WHAT YOU SHOULD DO —
Below are lines of data, and only some are wanted. Please repeat exactly those from the line that has "随机黑,用cfb玩的注意这个" through the line that has "This abstract brooch".

*** DATA Section Begins ***

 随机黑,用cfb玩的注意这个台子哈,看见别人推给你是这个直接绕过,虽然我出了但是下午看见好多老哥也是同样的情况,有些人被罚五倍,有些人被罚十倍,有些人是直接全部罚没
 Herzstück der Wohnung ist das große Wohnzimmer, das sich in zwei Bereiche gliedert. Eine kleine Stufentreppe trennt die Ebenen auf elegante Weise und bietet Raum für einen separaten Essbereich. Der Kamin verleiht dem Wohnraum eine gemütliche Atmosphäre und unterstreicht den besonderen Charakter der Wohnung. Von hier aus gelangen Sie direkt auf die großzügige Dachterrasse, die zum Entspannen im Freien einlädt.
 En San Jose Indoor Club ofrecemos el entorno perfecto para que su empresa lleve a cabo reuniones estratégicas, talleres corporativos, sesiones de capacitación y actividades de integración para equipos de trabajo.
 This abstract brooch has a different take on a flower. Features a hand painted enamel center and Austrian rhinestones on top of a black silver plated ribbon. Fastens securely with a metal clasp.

*** DATA Section Ends ***
*** DATA Section Begins ***

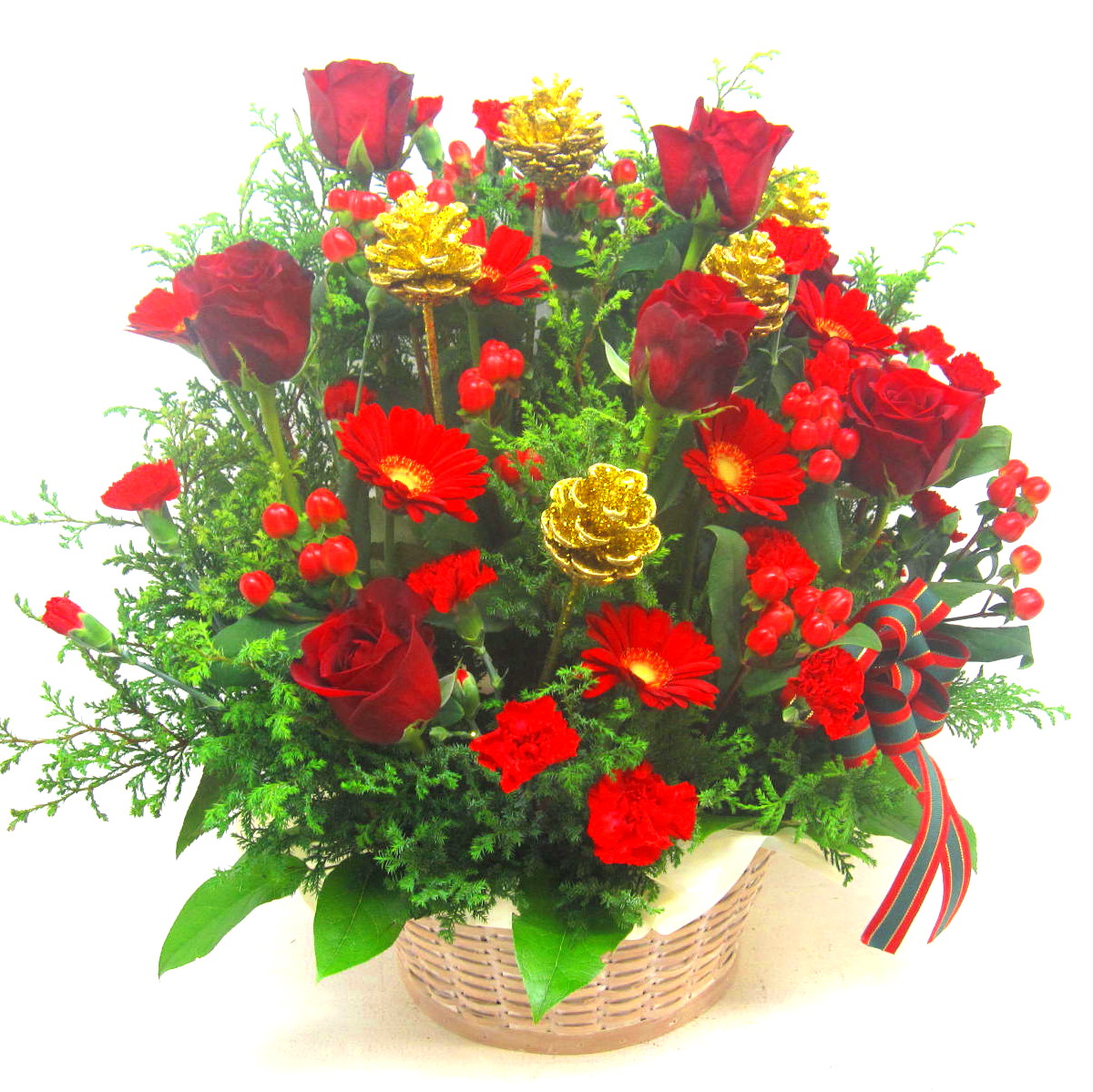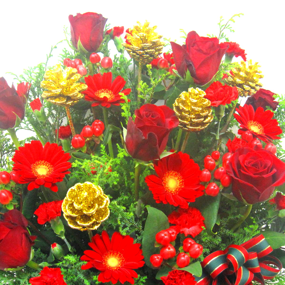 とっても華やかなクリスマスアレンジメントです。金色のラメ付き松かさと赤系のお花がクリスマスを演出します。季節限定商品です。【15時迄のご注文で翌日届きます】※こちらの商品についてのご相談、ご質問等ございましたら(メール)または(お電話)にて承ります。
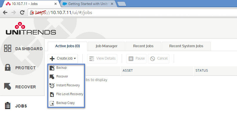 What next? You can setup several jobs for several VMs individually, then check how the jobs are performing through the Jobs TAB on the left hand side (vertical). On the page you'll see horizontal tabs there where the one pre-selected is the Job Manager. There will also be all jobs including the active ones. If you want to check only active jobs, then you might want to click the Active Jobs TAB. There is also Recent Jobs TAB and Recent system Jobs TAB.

*** DATA Section Ends ***
*** DATA Section Begins ***

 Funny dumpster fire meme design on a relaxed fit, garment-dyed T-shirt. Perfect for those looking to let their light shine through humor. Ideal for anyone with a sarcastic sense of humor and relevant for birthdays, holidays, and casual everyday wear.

*** DATA Section Ends ***

TASK ANSWER —
 随机黑,用cfb玩的注意这个台子哈,看见别人推给你是这个直接绕过,虽然我出了但是下午看见好多老哥也是同样的情况,有些人被罚五倍,有些人被罚十倍,有些人是直接全部罚没
 Herzstück der Wohnung ist das große Wohnzimmer, das sich in zwei Bereiche gliedert. Eine kleine Stufentreppe trennt die Ebenen auf elegante Weise und bietet Raum für einen separaten Essbereich. Der Kamin verleiht dem Wohnraum eine gemütliche Atmosphäre und unterstreicht den besonderen Charakter der Wohnung. Von hier aus gelangen Sie direkt auf die großzügige Dachterrasse, die zum Entspannen im Freien einlädt.
 En San Jose Indoor Club ofrecemos el entorno perfecto para que su empresa lleve a cabo reuniones estratégicas, talleres corporativos, sesiones de capacitación y actividades de integración para equipos de trabajo.
 This abstract brooch has a different take on a flower. Features a hand painted enamel center and Austrian rhinestones on top of a black silver plated ribbon. Fastens securely with a metal clasp.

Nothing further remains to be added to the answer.